JOURNAL ARTICLE
RANDOMIZED CONTROLLED TRIAL

The effect of inspiratory muscle training on high-intensity, intermittent running performance to exhaustion

Tom Kwokkeung Tong, Frank Hokin Fu, Pak Kwong Chung, Roger Eston, Kui Lu, Binh Quach, Jinlei Nie, Raymond So
Applied Physiology Nutrition and Metabolism 2008, 33 (4): 671-81
18641709
The effects of inspiratory muscle (IM) training on maximal 20 m shuttle run performance (Ex) during Yo-Yo intermittent recovery test and on the physiological and perceptual responses to the running test were examined.
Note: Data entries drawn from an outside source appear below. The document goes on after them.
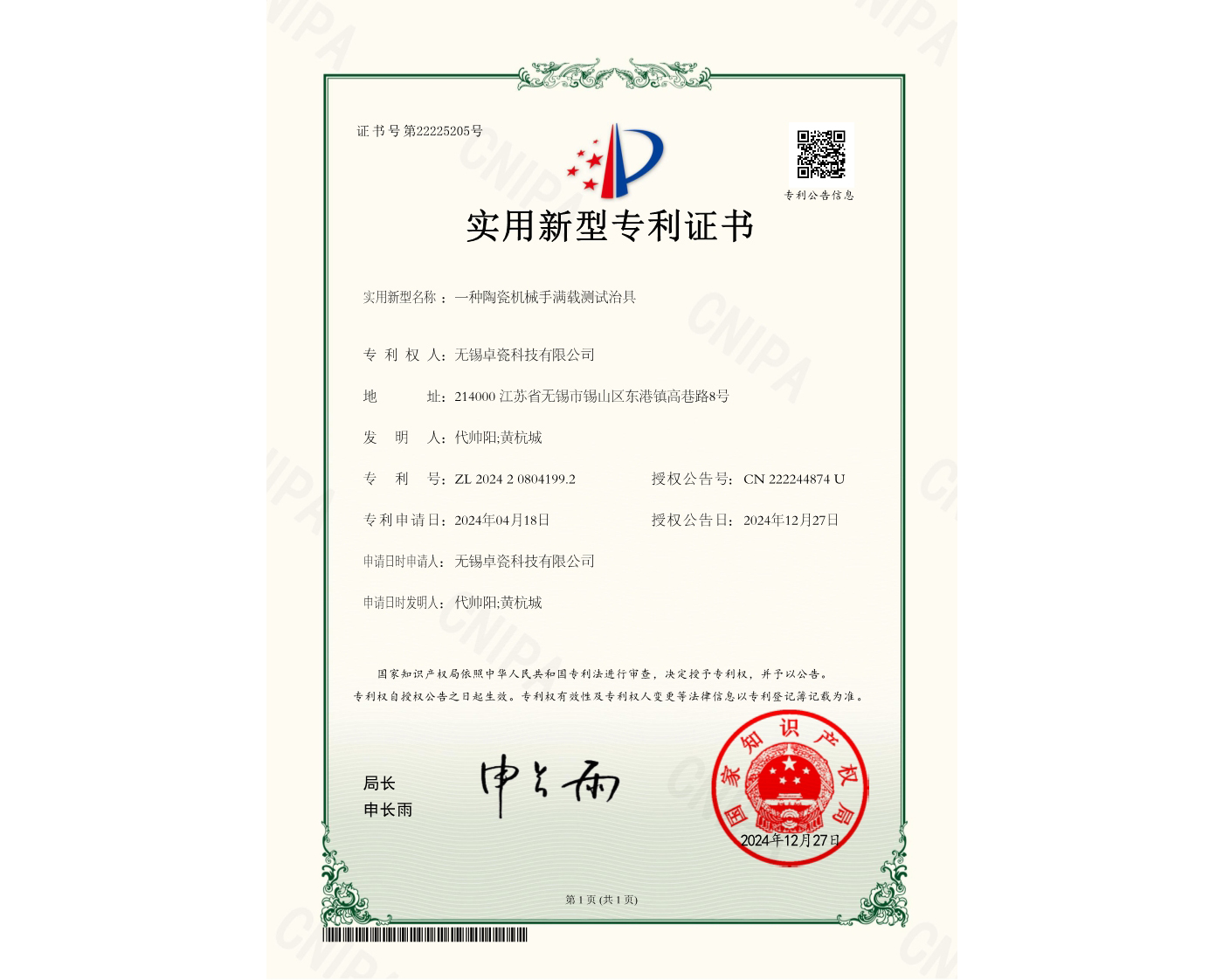 一种陶瓷机械手满载测试治具 实用新型专利证书 -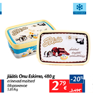 Kampaania periood: 17.04.2018 - 23.04.2018 Hind: 2.79€ Jäätis Onu Eskimo, 480 gerinevad maitsed
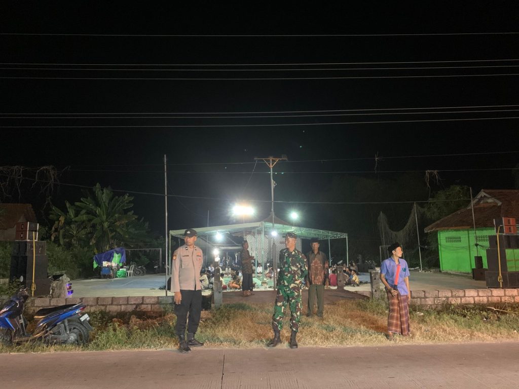 Para personel menerapkan sistem pengamanan terbuka dan tertutup untuk memastikan kelancaran kegiatan, yang diindikasikan merupakan agenda masyarakat lokal seperti hajatan desa atau pertemuan komunitas, mengingat karakteristik kegiatan sosial di wilayah Lamongan yang kerap melibatkan banyak warga.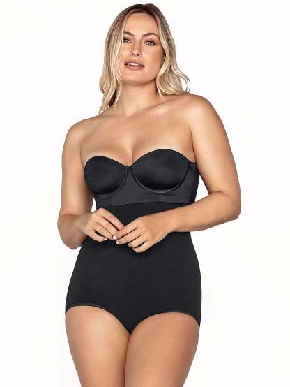 Made from SkinFuse®, a super-comfy compression fabric, this body shaper is designed to smooth out your entire torso. Targeted compression diamonds on the waist offer a little bit of extra definition. Light mesh cutouts and a thong effect in the back offer a light, natural-looking, butt-lifting effect. The straps are adjustable and removable—wear them classic, criss-cross, or take them off to go strapless.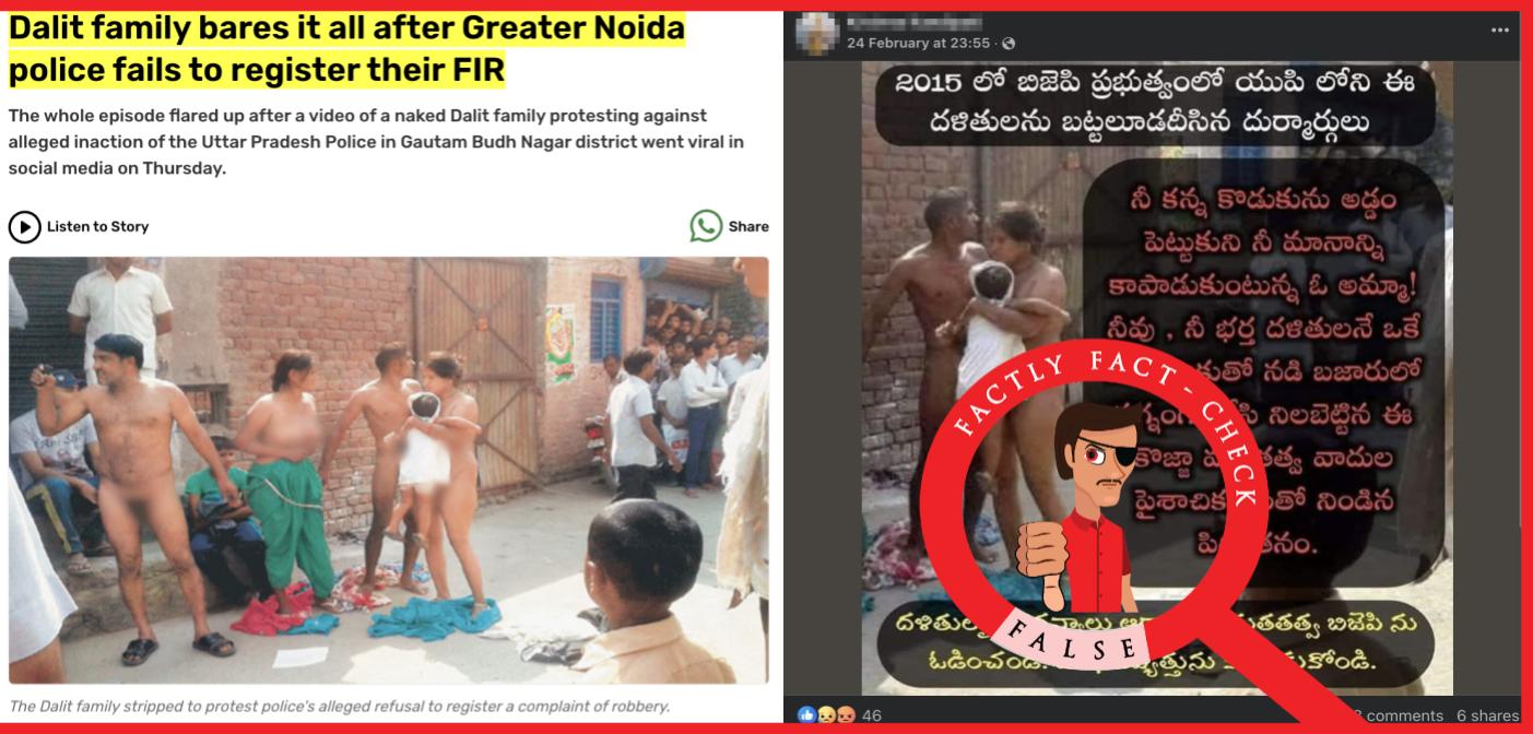 పోస్ట్లో షేర్ చేయబడిన ఫోటోను రివర్స్ ఇమేజ్ సెర్చ్ చేసినప్పుడు, వైరల్ ఫోటో పూర్తి కాపీ 10 అక్టోబర్ 2015న ఇండియా టుడే ప్రచురించిన ఒక వార్తా కథనంలో మాకు లభించింది. ఉత్తరప్రదేశ్లోని గౌతమ్ బుద్ధ్ నగర్ జిల్లాలోని డంకౌర్ పోలీస్ స్టేషన్ వెలుపల నగ్నంగా నిరసన తెలుపుతున్న ఒక దళిత కుటుంబం దృశ్యాలు ఇవి అని ఈ వార్తా కథనం నివేదించింది. ఒక దోపిడీ ఫిర్యాదును నమోదు చేయడానికి పోలీసులు నిరాకరించారని ఆరోపించి వారు ఈ నిరసన తెలిపారని ఈ కథనం తెలిపింది.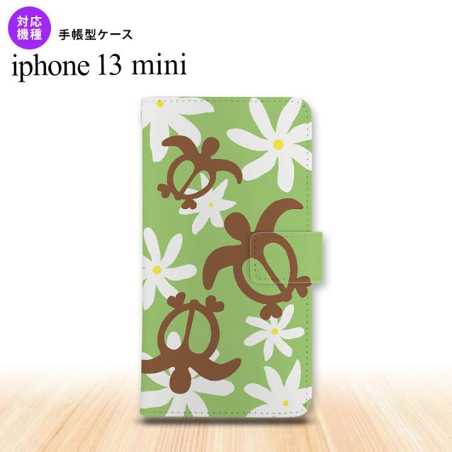 iPhone13mini iPhone13 mini 手帳型スマホケース カバー ホヌ ティアレ 緑 iPhone13 mini 5.4インチ nk-004s-i13m-dr1083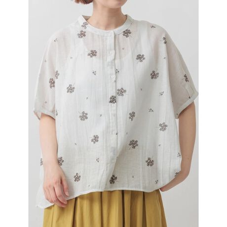 綿麻ボイルボタニカル刺しゅうブラウス
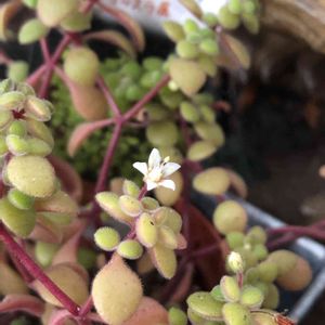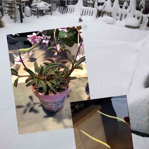 降った降った⛄️雪降った☃️ 今日一日で⛄️ 今我が家に咲いてる花はこのペペロミアの花だけ🌸お花地味だからピンクの鉢に植え替えてあげました❣️マッチ棒みたいだけど…花ね🌸😅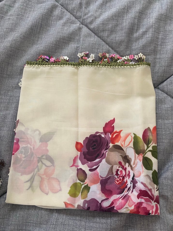 Çiçek Desenli Dantel Kenarlı Çok Renkli Kadın Fuları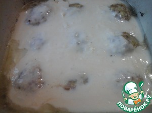 Достаем форму с ленивыми голубцами из духовки и заливаем приготовленным соусом. Опять ставим в духовку еще на 15 минут.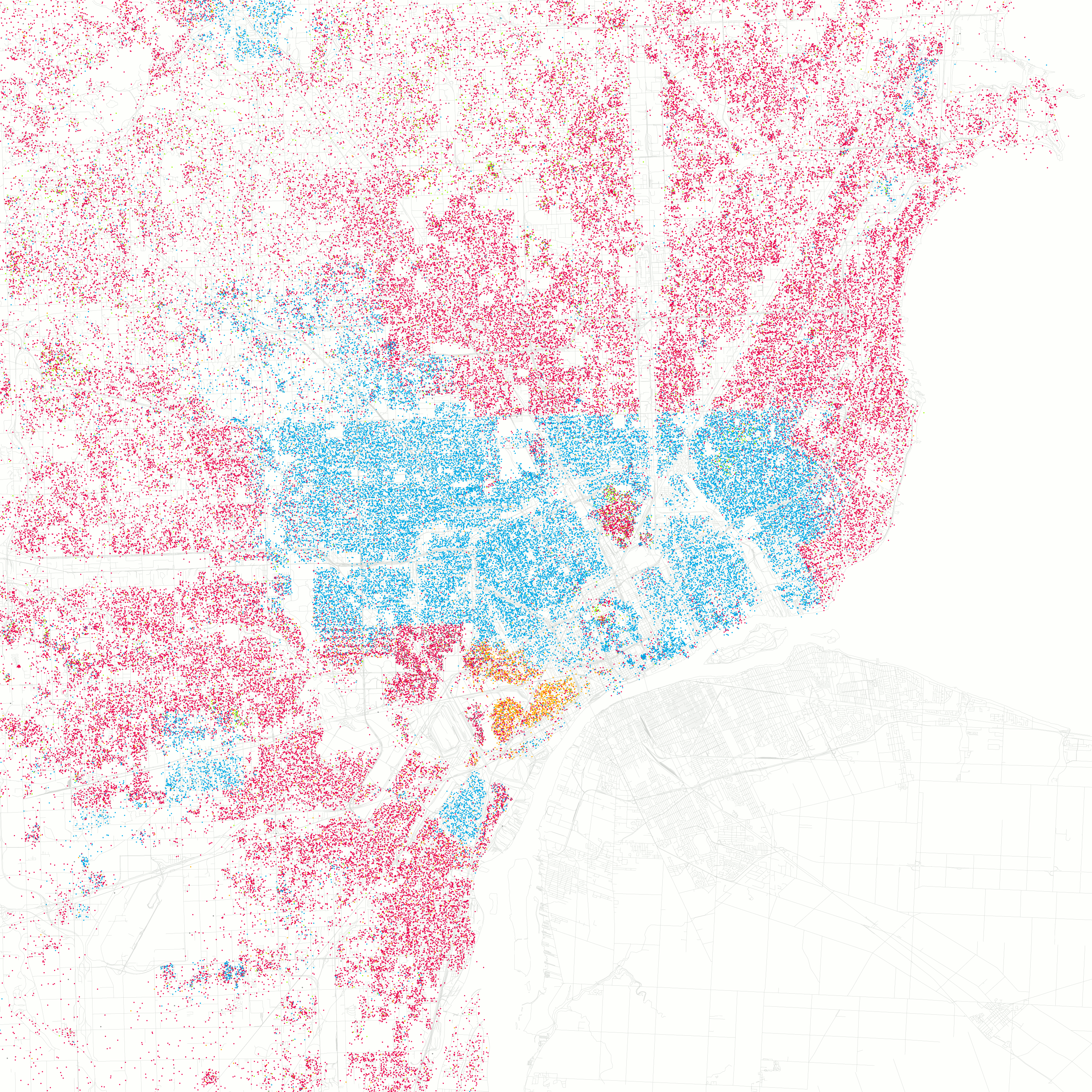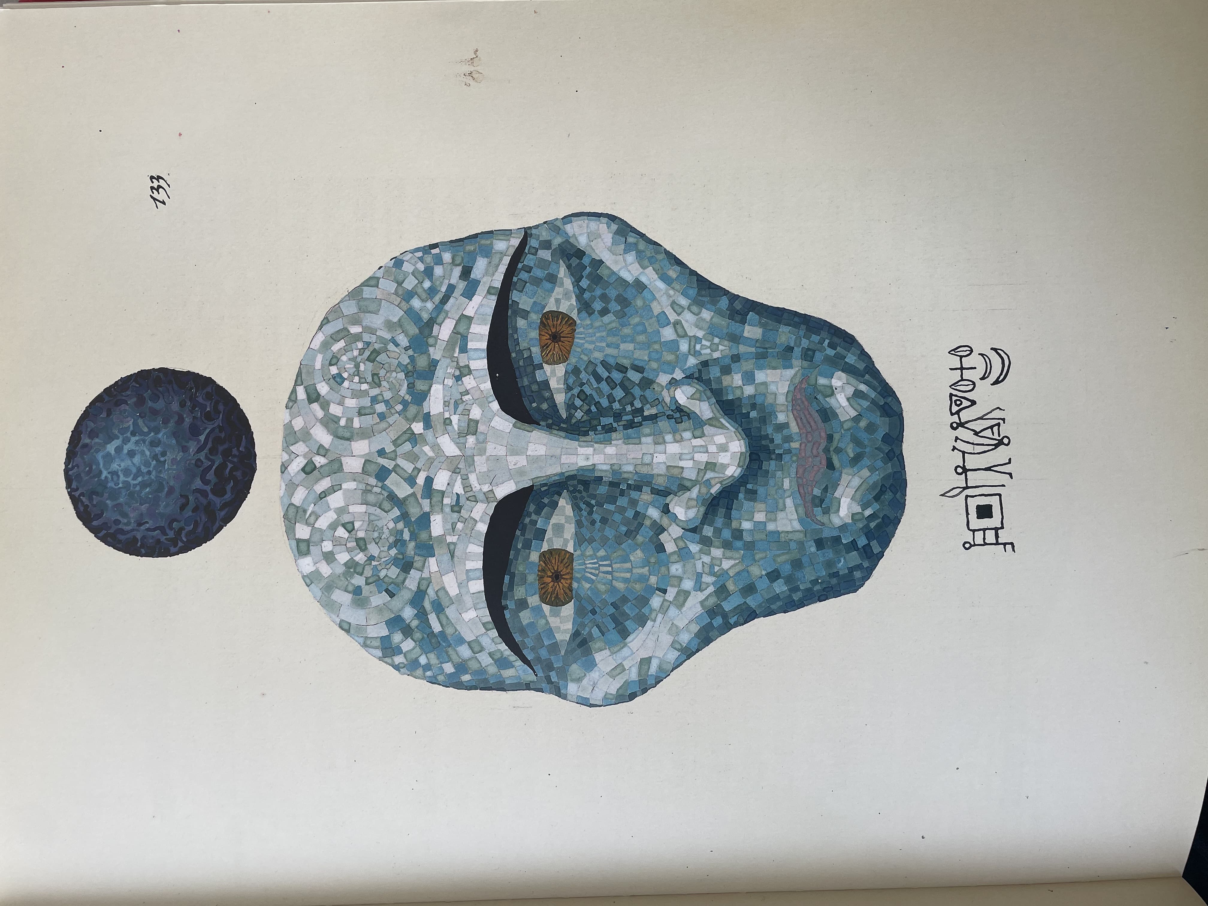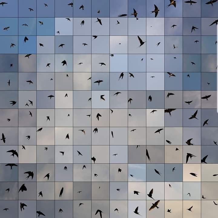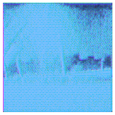Highly Pixelated Close-up of a Blue and White Bird's Head (Likely a Blue Jay)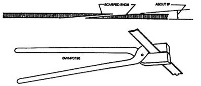 Figure 12-9.-14-inch band saw. Avoid twisting the blade by trying to turn sharp corners. Remember that you must saw around comers. If you want to saw a very small radius, use a narrow blade. If you find that a saw cut cannot be completed, it is better to saw out through the waste material to the edge of the stock than to back the blade out of the curved cut. This will prevent accidentally drawing the blade off the wheels. BAND SAW teeth are shaped like the teeth in a hand ripsaw, which means that their fronts are filed at 90 degrees to the line of the saw. Reconditioning procedures are the same as they are for a hand ripsaw, except that very narrow band saws with very small teeth must usually be set and sharpened by special machines. A broken band saw blade must be BRAZED when no accessory welder is available. The procedure for brazing is as follows: 1. SCARF the two ends to be joined with a file so that they may be joined in a SCARFJOINT(fig. 12-10). 2. Place the ends in a brazing clamp, or some similar device, that will permit them to be brought together in perfect alignments. 3. Coat the filed surfaces with soldering flux. 4. Cut a strip of silver solder the length of the scarf and the width of the blade. Coat it with flux and insert it between the filed surfaces. 5. Heat a pair of brazing tongs bright red and clamp the joint together. The red-hot tongs will heat the blade and melt the solder. Keep the tongs clamped on the joint until they turn black. 6. Smooth the joint on both sides with a flat file, and finish it with fine emery cloth. Figure 12-11 shows band ends being joined by using the butt welder-grinder unit. The entire procedure for joining is as follows: 1. Trim both ends of the band square; clean them thoroughly. Butt the ends together in the jaws of the welder-grinder unit; make sure that the ends are aligned and that the seam is centered between the welder jaws. First, set the resistance knob to agree with the dial for the width of band you are going to weld Then press and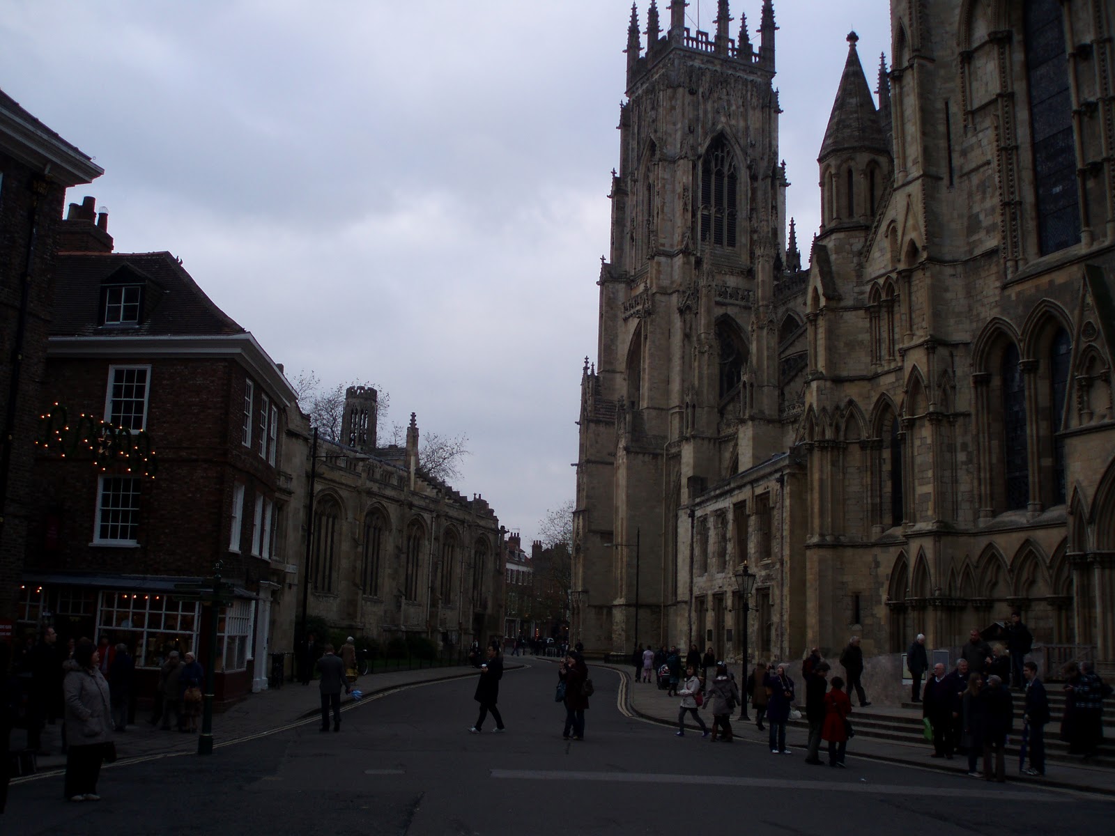 As you can imagine it was also an ideal opportunity to do some of our Christmas shopping as there are some very original shops in York, as well as the staple high streets shops which are found anywhere. The Shambles is a very famous street in York where originally all the butchers sold their meat. Nowadays there is a single sausage maker there but the old building are fascinating with their low doors and ceilings. The buildings nearly touch one another as they now lean forward so much with their old age.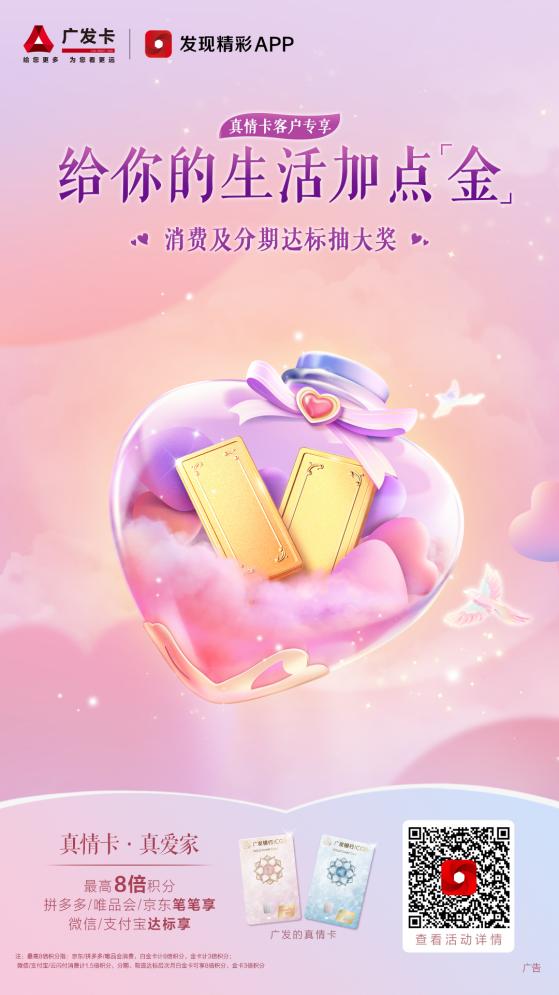 實體商業人氣回暖,線上零售增勢不減。線上線下共同激發消費活力,在今年將迸發出新的勢頭。廣發信用卡堅持把助力恢復和擴大消費擺在優先位置,不斷強化消費信貸對消費的支持,深耕場景建設,加速多樣化的服務供給出“給你的生活加點金”主題活動,為專屬客群量身打造高倍積分、組團抽消費金,全力支持消費回暖。廣發真情卡堅持20多年真情守護,近日再次服務升級,推、 “金”條禮贈等全新福利,以積分獎勵促消費循環、以組團分享激發消費潛力,助力消費提振。
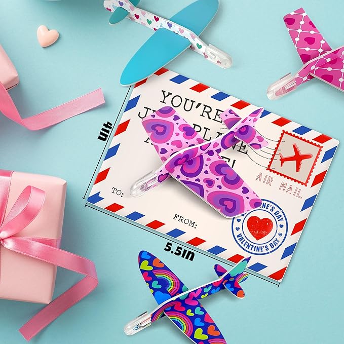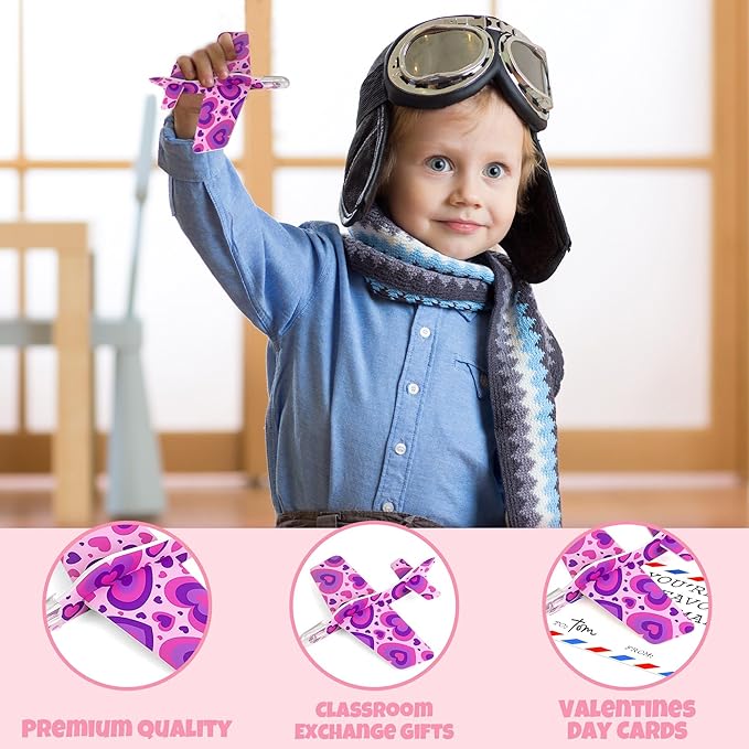 - Premium Material Airplane Valentines Day Cards - Crafted from lightweight foam, our foam airplanes are a safe and fun Valentines Day gift for kids aged 3 and up. These soft yet durable planes are designed to fly smoothly without causing harm to furniture or indoor spaces. These Valentines cards for school are printed with vibrant, non-fading colors and cute patterns that will excite any child. Super quality and fun gameplay can make your child the star of the class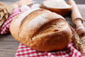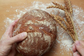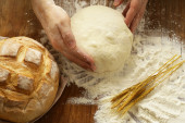 Ręce szefa kuchni z ciasta i domowe Naturalne organiczne chleba i mąki na podłoże drewniane

Thirty men were randomly allocated to 1 of 3 groups. The experimental group underwent a 6 week pressure threshold IM training program by performing 30 inspiratory efforts twice daily, 6 d/week, against a load equivalent to 50% maximal static inspiratory pressure. The placebo group performed the same training procedure but with a minimal inspiratory load. The control group received no training. In post-intervention assessments, IM function was enhanced by >30% in the experimental group. The Ex was improved by 16.3% +/- 3.9%, while the rate of increase in intensity of breathlessness (RPB/4i) was reduced by 11.0% +/- 6.2%. Further, the whole-body metabolic stress reflected by the accumulations of plasma ammonia, uric acid, and blood lactate during the Yo-Yo test at the same absolute intensity was attenuated. For the control and placebo groups, no significant change in these variables was observed. In comparison with previous observations that the reduced RPB/4i resulting from IM warm-up was the major reason for improved Ex, the reduced RPB/4i resulting from the IM training program was lower despite the greater enhancement of IM function, whereas improvement in Ex was similar. Such findings suggest that although both IM training and warm-up improve the tolerance of intense intermittent exercise, the underlying mechanisms may be different.